That's exactly the topic why I started proot with buildchroot and why I'm asking about various test results (did you try? :-)).
On 10/25/2017 05:58 PM, 'Benedikt Niedermayr' via isar-users wrote:
Am 25.10.2017 um 11:48 schrieb Alexander Smirnov:
May there be a problem when all files belonging to the build user and not to root?
On 10/24/2017 11:22 PM, Jan Kiszka wrote:
On 2017-10-24 21:34, Alexander Smirnov wrote:
Hello all,
I've successfully dropped 'sudo' around buildchroot operations:
- Create buildchroot
- Build dpkg-base package (hello)
- Build dpkg-raw package (example-raw)
The patch is quite small, proot works out-of-the box. I've tested the
following configurations:
- multiconfig:qemuarm-wheezy:isar-image-base
- multiconfig:qemuarm-jessie:isar-image-base
- multiconfig:qemuarm-stretch:isar-image-base
- multiconfig:qemui386-jessie:isar-image-base
- multiconfig:qemui386-stretch:isar-image-base
- multiconfig:qemuamd64-jessie:isar-image-base
- multiconfig:qemuamd64-stretch:isar-image-base
So proot is really good tool :-)
If you'd like to reproduce the test, please try my branch: asmirnov/devel
NOTE: do not forget to install proot: apt-get install proot
Build command:
$ bitbake multiconfig:qemuarm-wheezy:isar-image-base
multiconfig:qemuarm-jessie:isar-image-base
multiconfig:qemuarm-stretch:isar-image-base
multiconfig:qemui386-jessie:isar-image-base
multiconfig:qemui386-stretch:isar-image-base
multiconfig:qemuamd64-jessie:isar-image-base
multiconfig:qemuamd64-stretch:isar-image-base
Great news! Hope this passes all tests and then makes it into master soon!

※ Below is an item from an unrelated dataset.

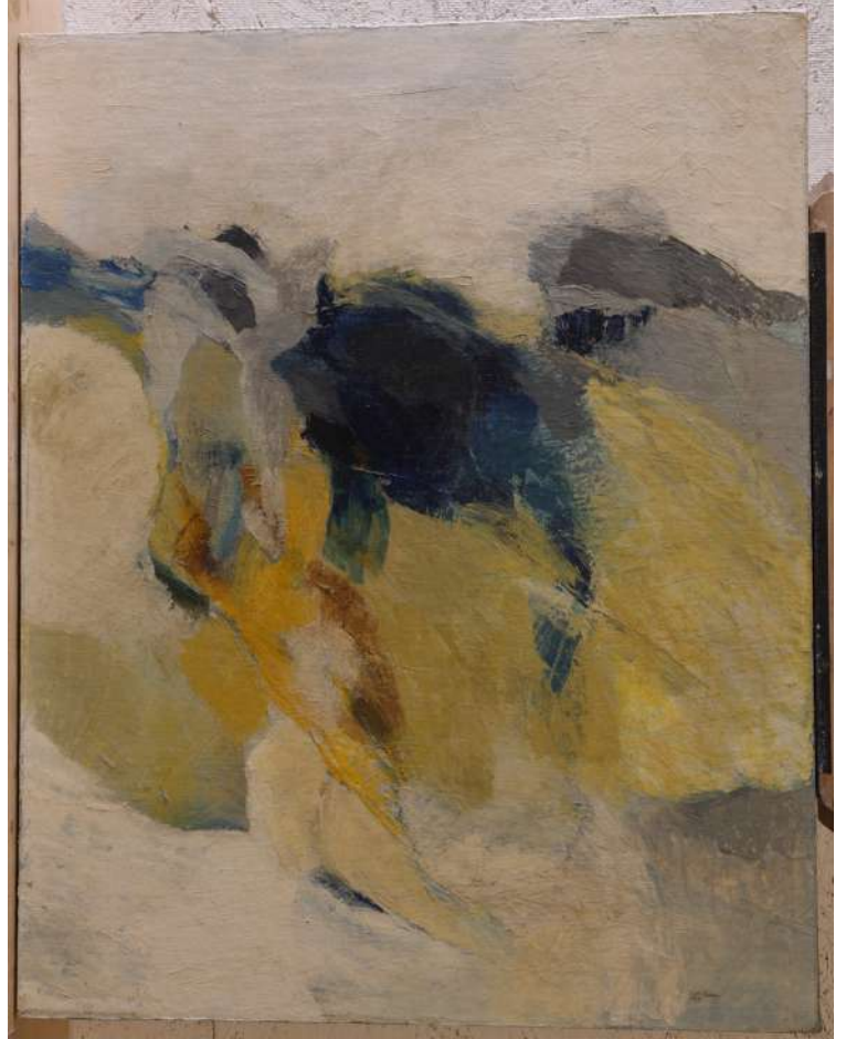
Overall, raking light, after treatment

I've tested QEMU machines for images listed above, no difference observed in comparison with original 'sudo' approach. But anyway, it would be nice if somebody else will test this, especially in customer project environment.
In the VM that I've built with proot patch I see the following:
root@isar:~# ls -l /usr/bin/ | grep hello
-rwxr-xr-x 1 root root 18068 Oct 24 18:52 hello
root@isar:~#
So the file from hello package (which is built using proot) has root ownership.
In theory the problems could occur during generation of target filesystem, will see. But anyway, Yocto will do this without sudo, so probably here also this could be done.